Here, we end up with two types with "owner-reference" relationship, which is similar to pairs Vec<T> - &[T] , String - &str . Docs suggest builtin traits Borrow and ToOwned which provide just what is required except for a subtle nuance:

trait Borrow<Borrowed: ?Sized> {
    fn borrow(&self) -> &Borrowed;
    // this: -----------^
}

pub trait ToOwned {
    type Owned: Borrow<Self>;
    fn to_owned(&self) -> Self::Owned;
}

Result of borrow is required to be a reference to something , which BorrowedVariant<'a> is obviously not. Removing this requirement solves this problem (here, names are prefixed with alt to emphasize the fact this is an alternative interface):

trait AltBorrow<'a, AltBorrowed> {
    fn alt_borrow(&'a self) -> AltBorrowed;
}

trait AltToOwned<'a> {
    type AltOwned: AltBorrow<'a, Self>;
    fn alt_to_owned(&'a self) -> Self::AltOwned;
}

This trait could then be implemented for standard types, eg Vec :

impl<'a, T> AltBorrow<'a, &'a [T]> for Vec<T> {
    fn alt_borrow(&'a self) -> &'a [T] {
        self.as_slice()
    }
}

impl<'a, T> AltToOwned<'a> for &'a [T]
    where T: Clone
{
    type AltOwned = Vec<T>;

    fn alt_to_owned(&'a self) -> Vec<T> {
        self.to_vec()
    }
}

As well as for the Variant enum in question:

impl<'a> AltBorrow<'a, BorrowedVariant<'a>> for OwnedVariant {
    fn alt_borrow(&'a self) -> BorrowedVariant<'a> {
        match self {
            &Variant::Nothing => Variant::Nothing,
            &Variant::SomeInt(value) => Variant::SomeInt(value),
            &Variant::SomeBytes(ref value) => Variant::SomeBytes(value.alt_borrow()),
        }
    }
}

impl<'a> AltToOwned<'a> for BorrowedVariant<'a> {
    type AltOwned = OwnedVariant;

    fn alt_to_owned(&'a self) -> OwnedVariant {
        match self {
            &Variant::Nothing => Variant::Nothing,
            &Variant::SomeInt(value) => Variant::SomeInt(value),
            &Variant::SomeBytes(value) => Variant::SomeBytes(value.alt_to_owned()),
        }
    }
}

---

Finally, the questions:

1. Am I misusing the original Borrow / ToOwned concept? Should I use something else to achieve this?
2. If not, then what are the reasons why the current less-generic interface from std::borrow might have been preferred?

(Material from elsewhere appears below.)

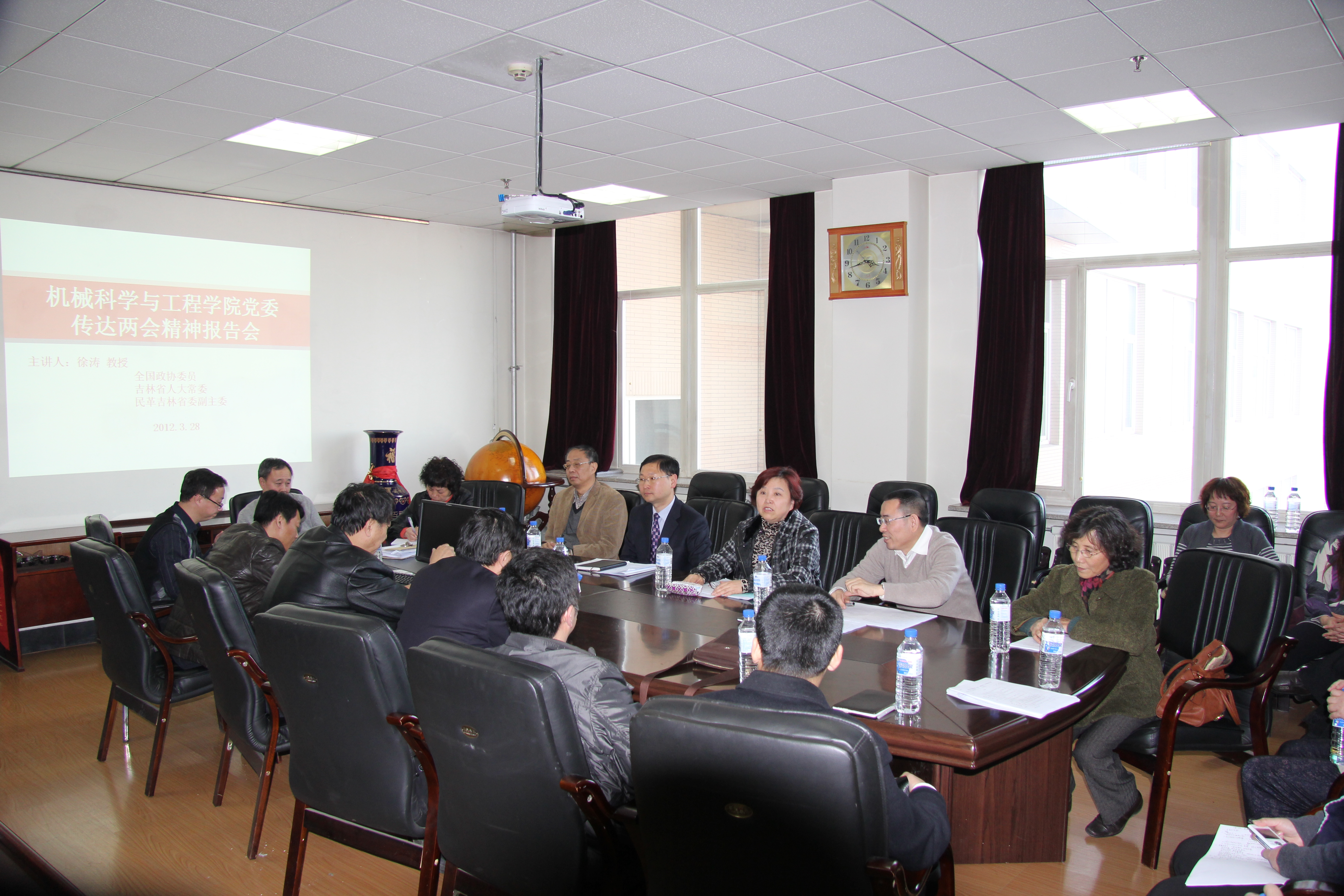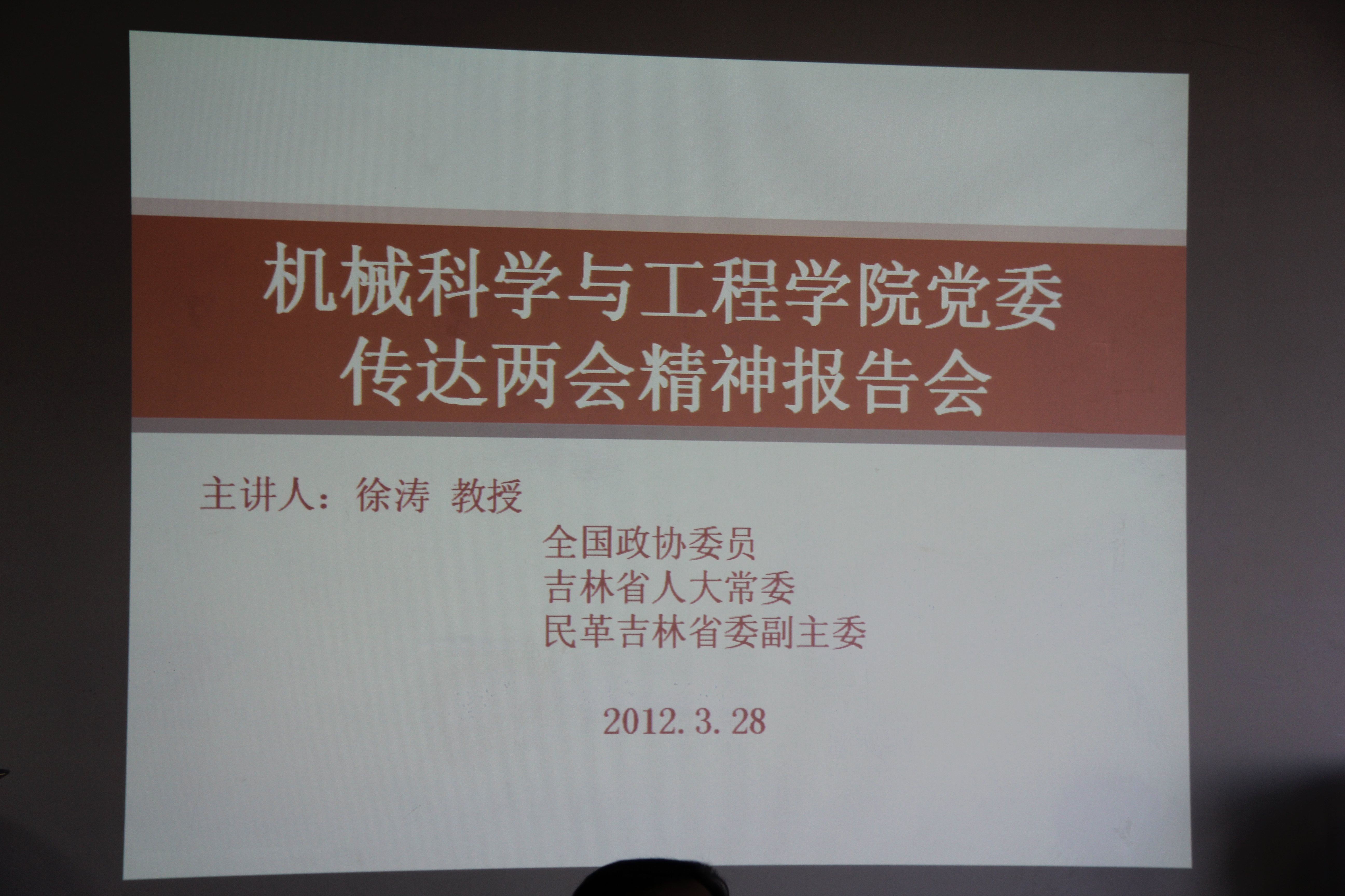 为认真学习贯彻十一届全国人大五次会议和全国政协十一届五次会议精神,进一步统一思想,提高认识,促进和谐,推进学院工作快速发展,3月28日下午,机械学院党委在机械馆517会议室召开了“机械科学与工程学院传达两会精神报告会”, 邀请全国政协委员、吉林省人大常委,民革吉林省副主委、博士生导师徐涛教授为大家作报告。学院班子成员,党委委员,党支部书记,民主党派负责人,各系主任,各系妇委会主任等人员参加会议,会议由学院党委书记王国强教授主持。

This example on Rust playpen

Answer 1

Got some explanation on #rust IRC.

From aturon :

the short answer is: we'd need higher-kinded types (HKT) to do better here; it should be possible to smoothly "upgrade" to HKT later on, though

(this is a pattern that's come up a few places in the standard library)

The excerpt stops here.